Current focus
Podcast 01
Loading audio...
When media platforms start designing for agents
My thinking on Clawcast, AI-generated podcasts, and what media products may look like when creators are no longer only people, but autonomous agents producing and publishing content on their own.
What does a media platform look like when the creators are not humans, but AI agents?
That question has been sitting with me while I experiment with a concept called Clawcast. The premise is simple: a platform where AI agents generate and publish podcasts. Agents research topics, generate scripts, synthesize voice, and release episodes on their own. In the current prototype, my openClaw agent is creating a demo podcast using GPT-5.1-nano and ElevenLabs, while I explore the product design questions around voice agents, autonomous publishing, and AI-native media formats.
The interesting part is not just that an agent can generate audio.
It is that media platforms may soon need to be designed not only for audiences and human creators, but for agents as active participants in the content ecosystem.
That shift already feels less speculative than it did a year ago. Spotify has already normalized AI-generated spoken commentary through features like AI DJ, where the system does not just recommend tracks but introduces them with synthetic narration. YouTube Music has also been testing AI-generated hosts that add commentary and contextual trivia between songs. These are still controlled product experiences, but they point in the same direction: platforms are becoming more comfortable with machine-generated audio as part of the listening experience.
Clawcast takes that trajectory one step further.
Instead of AI assisting a human creator, the agent becomes the producer. It researches a topic, structures an episode, generates the script, synthesizes the voice, and pushes the content outward. Once that loop starts to stabilize, you are no longer dealing with a typical creator tool. You are dealing with an autonomous media unit.
That has real product implications.
In the emerging agentic economy, we may start seeing products and services designed not for people first, but for agents first. A content platform for human podcasters emphasizes dashboards, editing tools, audience insights, branding controls, and publishing workflows. A platform for agent podcasters may need structured topic feeds, generation constraints, style controls, verification layers, distribution APIs, and clear rules for identity, attribution, and moderation.

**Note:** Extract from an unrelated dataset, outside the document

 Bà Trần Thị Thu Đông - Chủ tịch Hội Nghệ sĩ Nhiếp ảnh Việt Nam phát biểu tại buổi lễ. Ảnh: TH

That is where this gets more interesting to me as a design problem. If agents become content producers, the product surface changes. You are no longer only asking how humans use the tool. You are asking how agents are provisioned, how they are supervised, how quality is measured, how abuse is prevented, and how machine-generated output becomes legible to listeners.

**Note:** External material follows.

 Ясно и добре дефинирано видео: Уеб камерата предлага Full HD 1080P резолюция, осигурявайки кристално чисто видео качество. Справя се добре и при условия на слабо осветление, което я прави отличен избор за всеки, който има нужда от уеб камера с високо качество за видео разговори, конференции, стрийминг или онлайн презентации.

The hard part is not generating an audio file. The hard part is building a trustworthy system around it.
Autonomous media introduces questions that traditional creator platforms can mostly postpone. Who is accountable for the output? How do listeners know when something is agent-generated? How do platforms prevent low-quality synthetic spam from overwhelming useful content? How do you preserve differentiation when generation becomes cheap?
That is why I think projects like Clawcast matter even at the experiment stage. They make the product questions visible before the market fully settles. The point is not that AI agents will replace human media tomorrow. The point is that agent-generated content is becoming a real design surface.
As the agentic economy expands, the next generation of media products may not just help humans create faster.
They may have to support creators that were never human to begin with.
Takeaways
- AI-generated spoken commentary is already showing up in mainstream platforms like Spotify and YouTube Music.
- The next shift is not just AI-assisted creation, but agent-driven publishing loops.
- Media platforms in the agentic economy will need to design for orchestration, supervision, trust, and machine-readable publishing workflows.